15The respondent maintains it properly assessed the applicant and based on the results of the section 44 examination. Moreover, the ultrasound showed a partial tear of the left shoulder which is an injury that falls within the definition of a minor injury. It maintains the applicant has failed to present evidence that the injury falls outside the MIG, or that the treatment plan is reasonable or necessary or outline any pre-existing conditions to take the applicant out of the MIG. It states further that it has met its section 38 obligations. It scheduled a section 44 examination and sent its denial based on the MIG to the applicant on May 1, 2017 outlining the results of Dr. Osinga’s report.5
16I do not agree with the applicant that the respondent in these circumstances would be obliged to schedule an MRI to further evaluate the applicant’s condition. The applicant has an obligation to present medical evidence to support their position that the injuries fall in or outside of the MIG. While the respondent does have an obligation to continually adjust the file as new information and evidence is provided to them, I do not agree that in this case it would have obligated them to conduct an MRI. I also do not find that the ultrasound would have automatically negated the previous denial of the treatment plan.
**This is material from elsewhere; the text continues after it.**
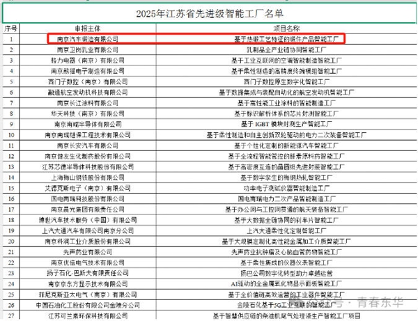 近日,江苏省工业和信息化厅公示了2025年江苏省先进级智能工厂,南京汽车锻造有限公司名列榜首。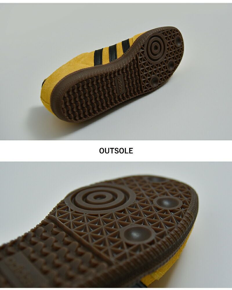 薄底のガムソールは、SAMBAらしいレトロな雰囲気を残しつつ、安定感のある履き心地を実現。

17Moreover, I find that the respondent did provide “medical reasons and all other reasons” to deny the treatment plan as required by and in compliance with section 38(8) of the Schedule. The respondent denied the treatment plan for $2,569.10 based on the section 44 assessment report by Dr. Osinga,6 who concluded based on his examination that the injuries were within the MIG. The applicant was advised of this.
18Although the ultrasound obtained in October 2017 ultimately revealed a partial tear of the applicant’s rotator cuff, the impairment would still fall within MIG. On this basis, the respondent argues it properly denied the treatment plan on the basis that MIG applies and the treatment plan is not reasonable and necessary.
19The respondent met its obligation under section 38 (8) of the Schedule. The provisions of section 38 (11) do not apply.
CONCLUSION
20The applicant’s injuries are within the MIG. The respondent gave proper notice under section 38 (8). The provisions of section 38 (11) do not apply. The applicant is not entitled to payment of the OCF-18 in the amount of $2,569.10. The claim for interest is dismissed.
21The claim for the OCF-18 for $ 200.00 is dismissed.
Released: July 22, 2019
Thérèse Reilly
Adjudicator
Footnotes
- Written submissions of the respondent, paragraph 20.
- Written submissions of the respondent, tab 7.
- Assessment Report of Dr. Osinga, written submissions of the applicant, tab 3, pages 29-30.
- Letter from applicant’s Counsel March 9, 2018, Tab 5. Ultrasound, tab 3 written submissions of the respondent.
- May 1, 2017 letter, written submissions of the respondent, tab 10.
- Section 44 assessment report by Dr. Christopher Osinga, orthopaedic surgeon, dated April 5, 2017, written submissions of the applicant, tab 3.